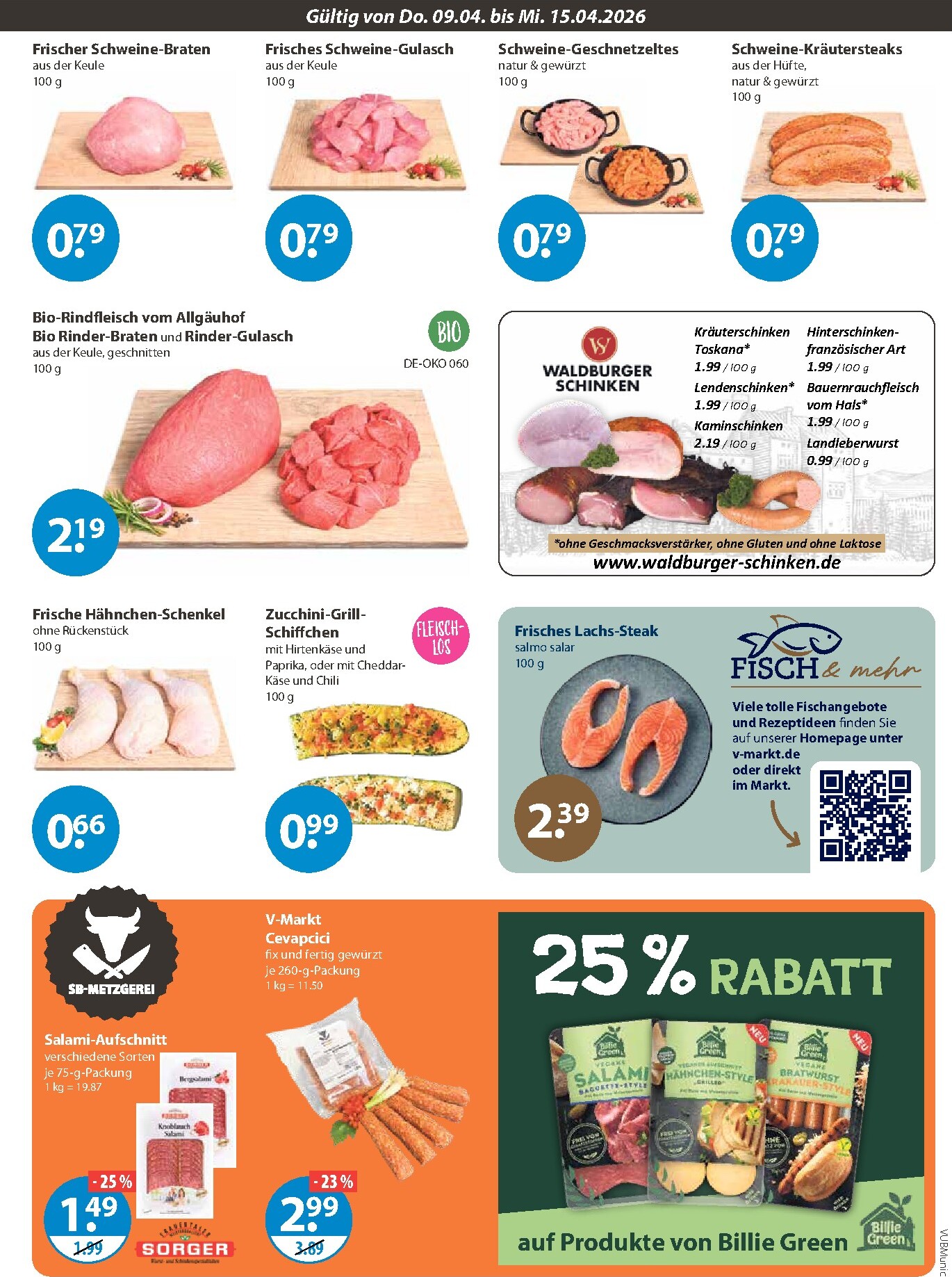Die Metzgerei- und Käsetheke im V-Markt präsentiert ebenfalls erstklassige Produkte zu attraktiven Preisen. Im aktuellen V-Markt Prospekt 09.04.2026 – 15.04.2026 Angebote Angebote zum Blättern finden Sie unter anderem herzhaften Salami-Aufschnitt 1A für 1,99 € pro 100 g oder die würzige Käsebierwurst für 1,79 € pro 100 g. Eine besondere Spezialität ist der Neuburger für 2,19 € pro 100 g. Käseliebhaber kommen mit dem Almwiesenkäse für 2,89 € oder der Jungen Hexe bzw. Roten Hexe für nur 1,99 € voll auf ihre Kosten. Zudem gibt es einen sensationellen Rabatt von 25 % auf alle Produkte von Billie Green, ideal für alle, die pflanzliche Alternativen lieben.
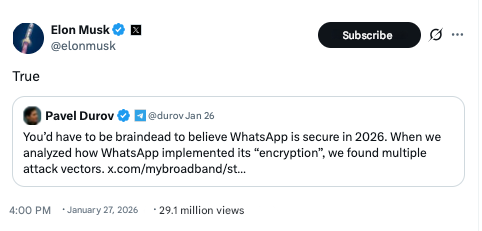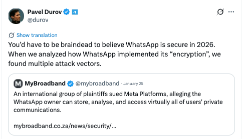 Criticism of WhatsApp’s architectural imperfections is not limited to user doubts. After announcing a lawsuit against the corporation, Telegram founder Pavel Durov publicly and harshly spoke out about the security of the Meta messenger, saying that he was aware of the system weaknesses of the model that can be used to compromise privacy.
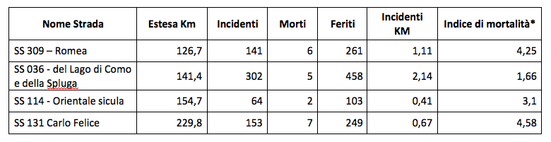 Per i prossimi due mesi lungo la SS 36 “del Lago di Como e dello Spluga”, SS 309 “Romea”, SS 131 “Carlo Felice” e la SS 114 “Orientale Sicula”, l’Arma dei Carabinieri intensificherà i controlli soprattutto nelle ore notturne e nei fine settimana, con particolare attenzione allo stato di ebbrezza dei conducenti che verrà verificato grazie ad appositi dispositivi donati dalla Fondazione ANIA. La scelta di intervenire sulle strade statali italiane si lega al fatto che, nell’ultimo anno, queste tratte hanno fatto registrare oltre 31 morti a settimana, per un totale di 1643 decessi, pari al 48,5% del totale dei morti per incidente stradale in Italia. In questo quadro, sono state scelte 4 tra le arterie più pericolose d’Italia per numero di incidenti e morti (vedi tabella in basso).
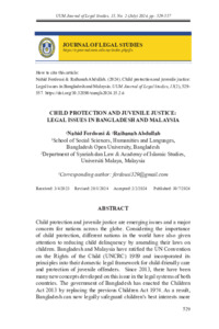 Ferdousi, Nahid and Abdullah, Raihanah (2024) Child Protection and Juvenile Justice: Legal Issues in Bangladesh and Malaysia. UUM Journal of Legal Studies (UUMJLS), 15 (2). pp. 529-557. ISSN 2229-984X
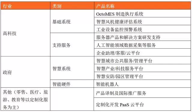 在制造业、通信、汽车等高科技领域,与RPA 领域头部玩家Blue Prism结盟,共同开发面向未来的软件机器人;与 SB Cloud达成合作,构建云上 ERP “Odoo”系统,助力亚太客户实现流畅跨国通信;推出 “Octo工业互联网套件”,帮助企业优化工厂资源配置,降低生产营运成本,提高生产效益和质量;推出智翼云数字化创新平台,为资源管理、检修计划、运维检修、标准规范、监督评价和决策支持六大模块提供支持。
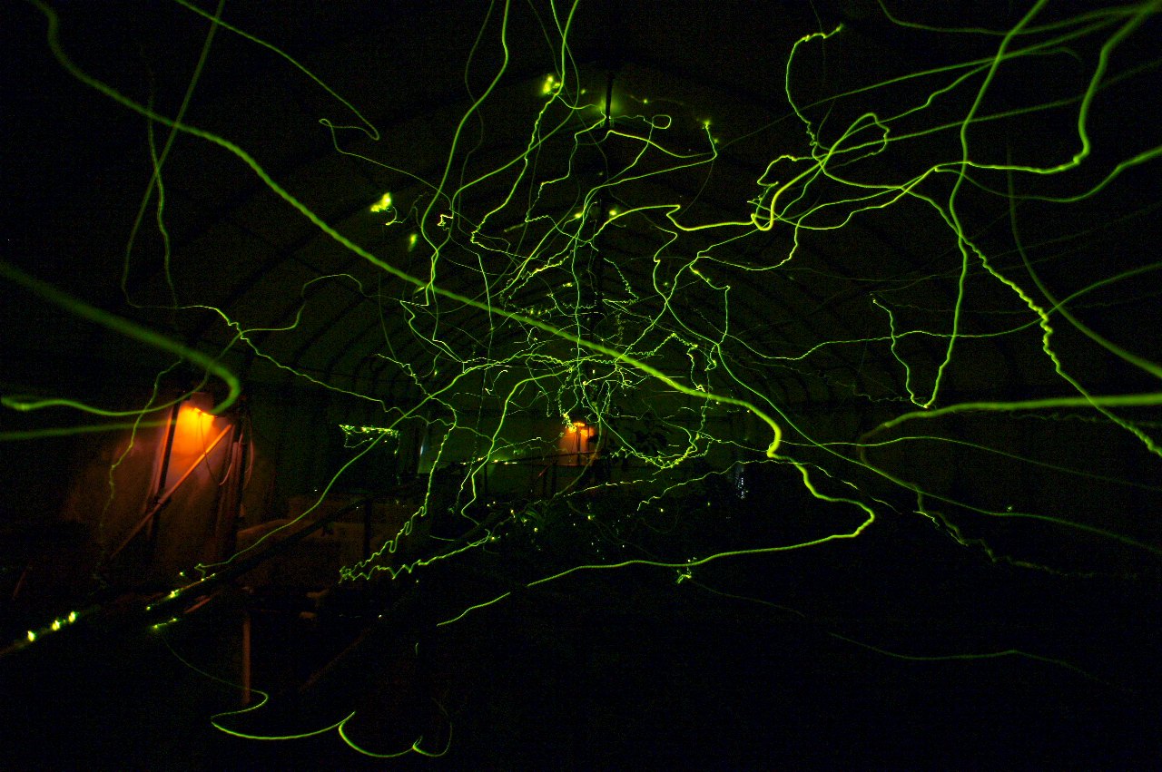 庭の水路にいた蛍幼虫が、上陸してそれが庭で乱舞している状況です。
=-=-=-=-=
▶ **TASK BRIEF**:
Write out all the entries word for word, but drop the pictures.

▶ **RESULT OF THE TASK**:
Die Metzgerei- und Käsetheke im V-Markt präsentiert ebenfalls erstklassige Produkte zu attraktiven Preisen. Im aktuellen V-Markt Prospekt 09.04.2026 – 15.04.2026 Angebote Angebote zum Blättern finden Sie unter anderem herzhaften Salami-Aufschnitt 1A für 1,99 € pro 100 g oder die würzige Käsebierwurst für 1,79 € pro 100 g. Eine besondere Spezialität ist der Neuburger für 2,19 € pro 100 g. Käseliebhaber kommen mit dem Almwiesenkäse für 2,89 € oder der Jungen Hexe bzw. Roten Hexe für nur 1,99 € voll auf ihre Kosten. Zudem gibt es einen sensationellen Rabatt von 25 % auf alle Produkte von Billie Green, ideal für alle, die pflanzliche Alternativen lieben.
 Criticism of WhatsApp’s architectural imperfections is not limited to user doubts. After announcing a lawsuit against the corporation, Telegram founder Pavel Durov publicly and harshly spoke out about the security of the Meta messenger, saying that he was aware of the system weaknesses of the model that can be used to compromise privacy.
 Per i prossimi due mesi lungo la SS 36 “del Lago di Como e dello Spluga”, SS 309 “Romea”, SS 131 “Carlo Felice” e la SS 114 “Orientale Sicula”, l’Arma dei Carabinieri intensificherà i controlli soprattutto nelle ore notturne e nei fine settimana, con particolare attenzione allo stato di ebbrezza dei conducenti che verrà verificato grazie ad appositi dispositivi donati dalla Fondazione ANIA. La scelta di intervenire sulle strade statali italiane si lega al fatto che, nell’ultimo anno, queste tratte hanno fatto registrare oltre 31 morti a settimana, per un totale di 1643 decessi, pari al 48,5% del totale dei morti per incidente stradale in Italia. In questo quadro, sono state scelte 4 tra le arterie più pericolose d’Italia per numero di incidenti e morti (vedi tabella in basso).
 Ferdousi, Nahid and Abdullah, Raihanah (2024) Child Protection and Juvenile Justice: Legal Issues in Bangladesh and Malaysia. UUM Journal of Legal Studies (UUMJLS), 15 (2). pp. 529-557. ISSN 2229-984X
 在制造业、通信、汽车等高科技领域,与RPA 领域头部玩家Blue Prism结盟,共同开发面向未来的软件机器人;与 SB Cloud达成合作,构建云上 ERP “Odoo”系统,助力亚太客户实现流畅跨国通信;推出 “Octo工业互联网套件”,帮助企业优化工厂资源配置,降低生产营运成本,提高生产效益和质量;推出智翼云数字化创新平台,为资源管理、检修计划、运维检修、标准规范、监督评价和决策支持六大模块提供支持。
 庭の水路にいた蛍幼虫が、上陸してそれが庭で乱舞している状況です。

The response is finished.